ACTIVITY: Each record should be written out exactly as it stands.
───
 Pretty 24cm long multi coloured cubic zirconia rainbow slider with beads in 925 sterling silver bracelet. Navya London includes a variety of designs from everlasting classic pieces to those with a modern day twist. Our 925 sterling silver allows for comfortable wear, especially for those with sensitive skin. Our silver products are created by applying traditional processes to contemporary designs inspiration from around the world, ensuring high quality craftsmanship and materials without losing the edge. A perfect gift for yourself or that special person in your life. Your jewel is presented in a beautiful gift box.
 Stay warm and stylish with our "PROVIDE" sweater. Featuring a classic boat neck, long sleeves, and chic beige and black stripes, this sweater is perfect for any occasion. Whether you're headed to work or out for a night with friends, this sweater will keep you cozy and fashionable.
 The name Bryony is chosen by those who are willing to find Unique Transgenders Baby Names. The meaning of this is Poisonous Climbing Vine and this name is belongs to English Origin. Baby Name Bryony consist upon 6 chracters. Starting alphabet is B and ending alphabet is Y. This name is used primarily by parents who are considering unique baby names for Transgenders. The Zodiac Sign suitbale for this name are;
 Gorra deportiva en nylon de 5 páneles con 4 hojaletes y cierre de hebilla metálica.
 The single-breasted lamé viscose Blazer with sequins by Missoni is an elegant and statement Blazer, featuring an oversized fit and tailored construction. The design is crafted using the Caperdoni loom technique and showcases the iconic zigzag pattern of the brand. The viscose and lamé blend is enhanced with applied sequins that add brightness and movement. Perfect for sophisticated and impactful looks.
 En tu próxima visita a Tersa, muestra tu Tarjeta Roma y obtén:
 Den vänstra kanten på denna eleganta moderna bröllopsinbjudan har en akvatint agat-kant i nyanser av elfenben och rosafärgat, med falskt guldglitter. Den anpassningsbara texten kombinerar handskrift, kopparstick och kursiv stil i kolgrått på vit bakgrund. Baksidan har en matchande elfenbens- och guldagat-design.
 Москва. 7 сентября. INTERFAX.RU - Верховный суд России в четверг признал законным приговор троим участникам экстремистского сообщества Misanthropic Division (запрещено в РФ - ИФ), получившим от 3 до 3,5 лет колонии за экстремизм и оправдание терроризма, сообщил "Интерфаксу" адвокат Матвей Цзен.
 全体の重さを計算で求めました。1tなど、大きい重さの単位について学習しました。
───
WORKED SOLUTION:
 Pretty 24cm long multi coloured cubic zirconia rainbow slider with beads in 925 sterling silver bracelet. Navya London includes a variety of designs from everlasting classic pieces to those with a modern day twist. Our 925 sterling silver allows for comfortable wear, especially for those with sensitive skin. Our silver products are created by applying traditional processes to contemporary designs inspiration from around the world, ensuring high quality craftsmanship and materials without losing the edge. A perfect gift for yourself or that special person in your life. Your jewel is presented in a beautiful gift box.
 Stay warm and stylish with our "PROVIDE" sweater. Featuring a classic boat neck, long sleeves, and chic beige and black stripes, this sweater is perfect for any occasion. Whether you're headed to work or out for a night with friends, this sweater will keep you cozy and fashionable.
 The name Bryony is chosen by those who are willing to find Unique Transgenders Baby Names. The meaning of this is Poisonous Climbing Vine and this name is belongs to English Origin. Baby Name Bryony consist upon 6 chracters. Starting alphabet is B and ending alphabet is Y. This name is used primarily by parents who are considering unique baby names for Transgenders. The Zodiac Sign suitbale for this name are;
 Gorra deportiva en nylon de 5 páneles con 4 hojaletes y cierre de hebilla metálica.
 The single-breasted lamé viscose Blazer with sequins by Missoni is an elegant and statement Blazer, featuring an oversized fit and tailored construction. The design is crafted using the Caperdoni loom technique and showcases the iconic zigzag pattern of the brand. The viscose and lamé blend is enhanced with applied sequins that add brightness and movement. Perfect for sophisticated and impactful looks.
 En tu próxima visita a Tersa, muestra tu Tarjeta Roma y obtén:
 Den vänstra kanten på denna eleganta moderna bröllopsinbjudan har en akvatint agat-kant i nyanser av elfenben och rosafärgat, med falskt guldglitter. Den anpassningsbara texten kombinerar handskrift, kopparstick och kursiv stil i kolgrått på vit bakgrund. Baksidan har en matchande elfenbens- och guldagat-design.
 Москва. 7 сентября. INTERFAX.RU - Верховный суд России в четверг признал законным приговор троим участникам экстремистского сообщества Misanthropic Division (запрещено в РФ - ИФ), получившим от 3 до 3,5 лет колонии за экстремизм и оправдание терроризма, сообщил "Интерфаксу" адвокат Матвей Цзен.
 全体の重さを計算で求めました。1tなど、大きい重さの単位について学習しました。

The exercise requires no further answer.